Exercise description: Leave the pictures out and reproduce, exactly, the lines from the one with "La Google Play" through the end of the entries below.
=== Section Start ===
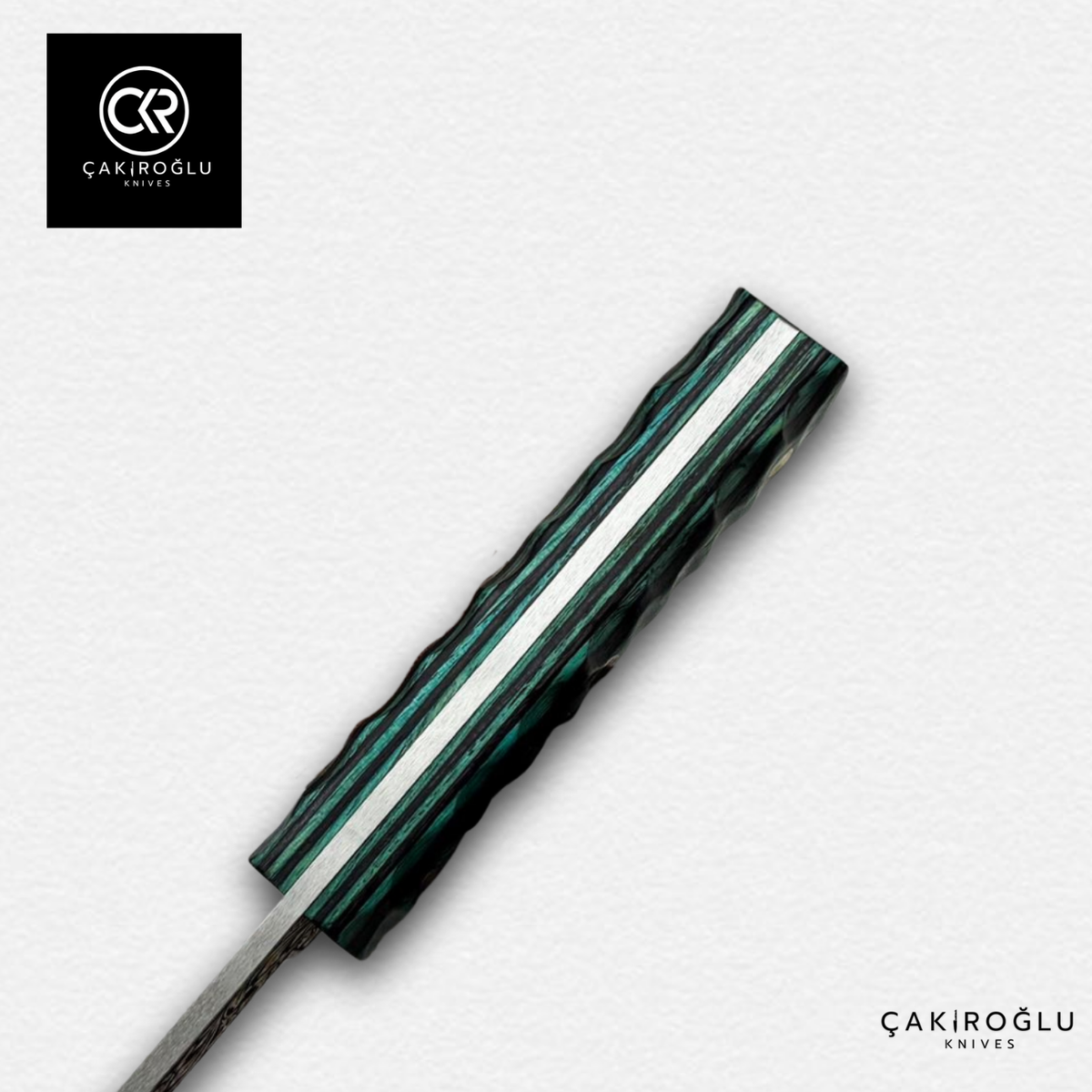 The special laminated wood used in the handle is known as a high-quality material preferred in gun stocks. Its strength, durability, and aesthetic appearance make it one of the strongest complementary elements of the Seiryu Tanto. Its texture, reminiscent of deep waves of green and black, visually reflects the name “Blue Dragon.”
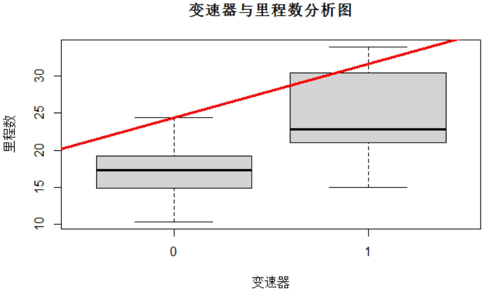 运行程序,结果如图2.19所示。(4)在箱形图中添加一条回归线进一步分析是否自动挡更费油,使用abline()函数实现,代码如下:
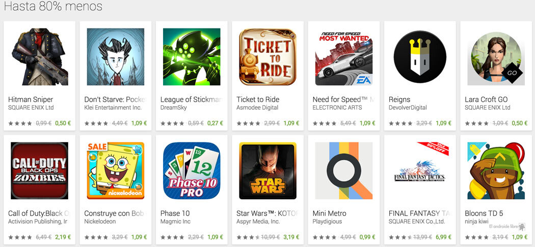 La Google Play ofrece descuentos de hasta el 80 % en juegos seleccionados. La mayor parte de ellos con mucha calidad: vale la pena comprarlos a este precio.
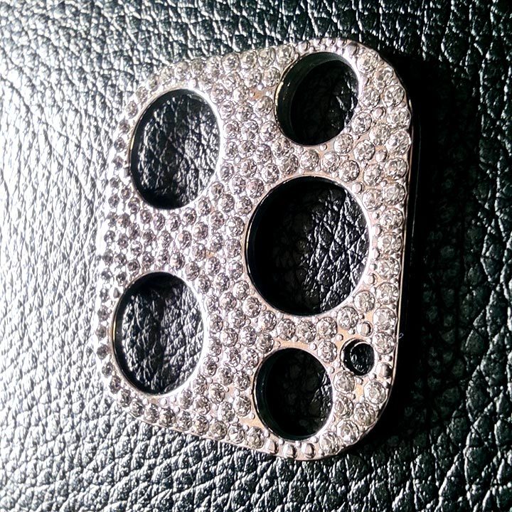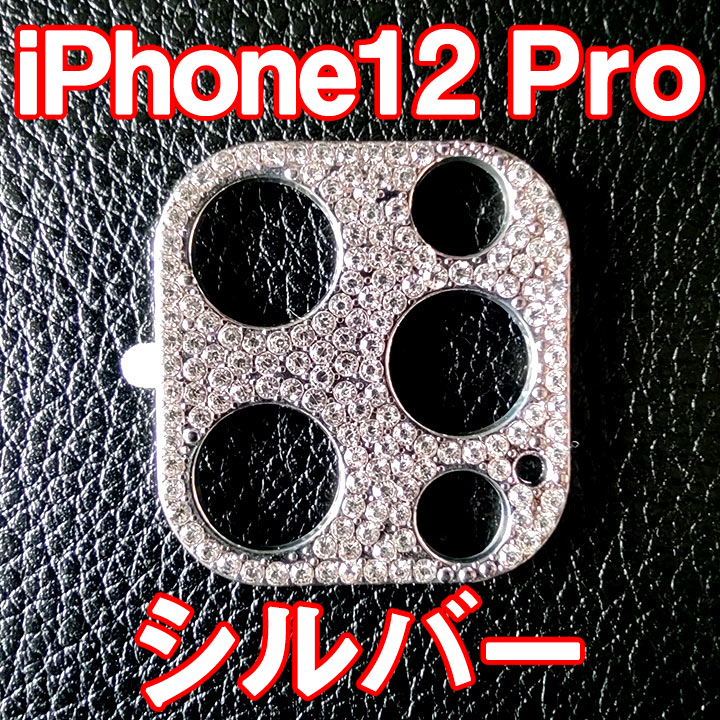 iPhone12 Pro 専用 カメラレンズカバー シルバー ラインストーン キラキラ お洒落
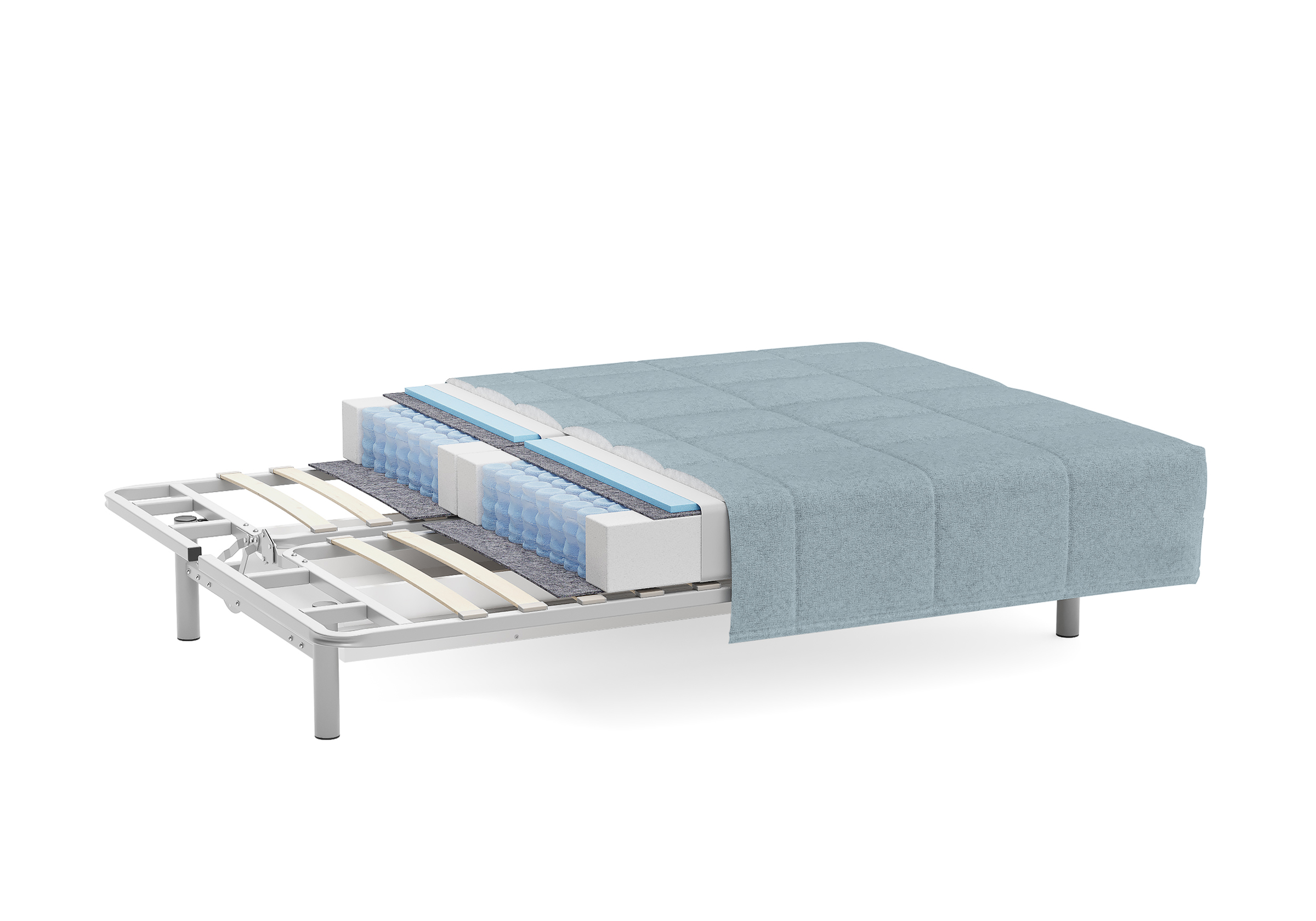 Диван Liberty box - подходит для полноценного сна. Основание для матраса – металлическая рама с ламелями. Анатомический матрас средней жесткости с независимым пружинным блоком и высокоэластичной пеной Foam обеспечивают возможность правильного положения и расслабления во сне. Высота матраса 20 см.
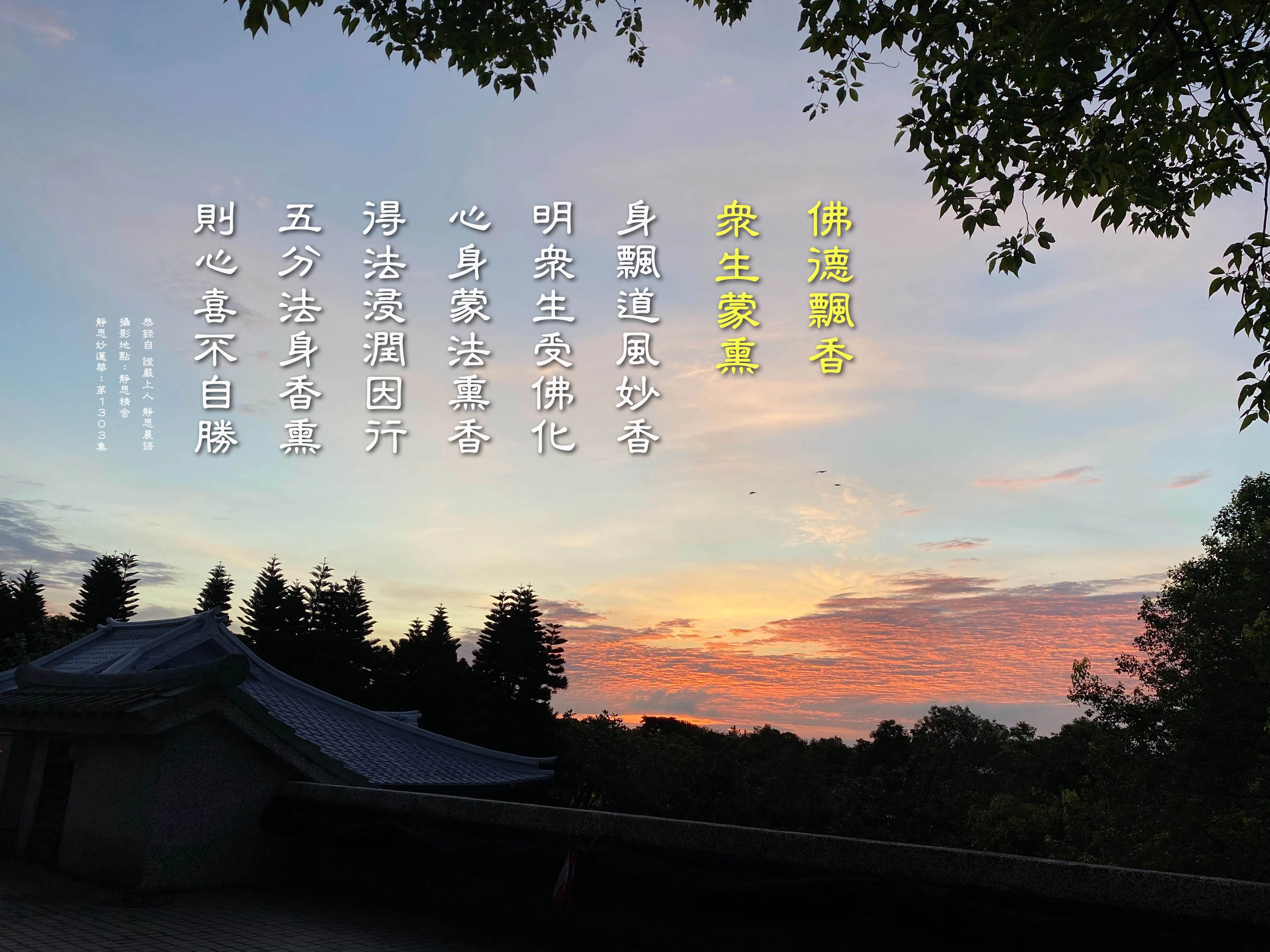 從內心薰習法,聽法改變自己生活,改變自己習氣。自然地,人所看到那分的感覺,從行動中,讓人起了飄逸的信心,就是能感化人,不用說話,自然得到感化,這種道風。
=== Section End ===
Solution:
 La Google Play ofrece descuentos de hasta el 80 % en juegos seleccionados. La mayor parte de ellos con mucha calidad: vale la pena comprarlos a este precio.
 iPhone12 Pro 専用 カメラレンズカバー シルバー ラインストーン キラキラ お洒落
 Диван Liberty box - подходит для полноценного сна. Основание для матраса – металлическая рама с ламелями. Анатомический матрас средней жесткости с независимым пружинным блоком и высокоэластичной пеной Foam обеспечивают возможность правильного положения и расслабления во сне. Высота матраса 20 см.
 從內心薰習法,聽法改變自己生活,改變自己習氣。自然地,人所看到那分的感覺,從行動中,讓人起了飄逸的信心,就是能感化人,不用說話,自然得到感化,這種道風。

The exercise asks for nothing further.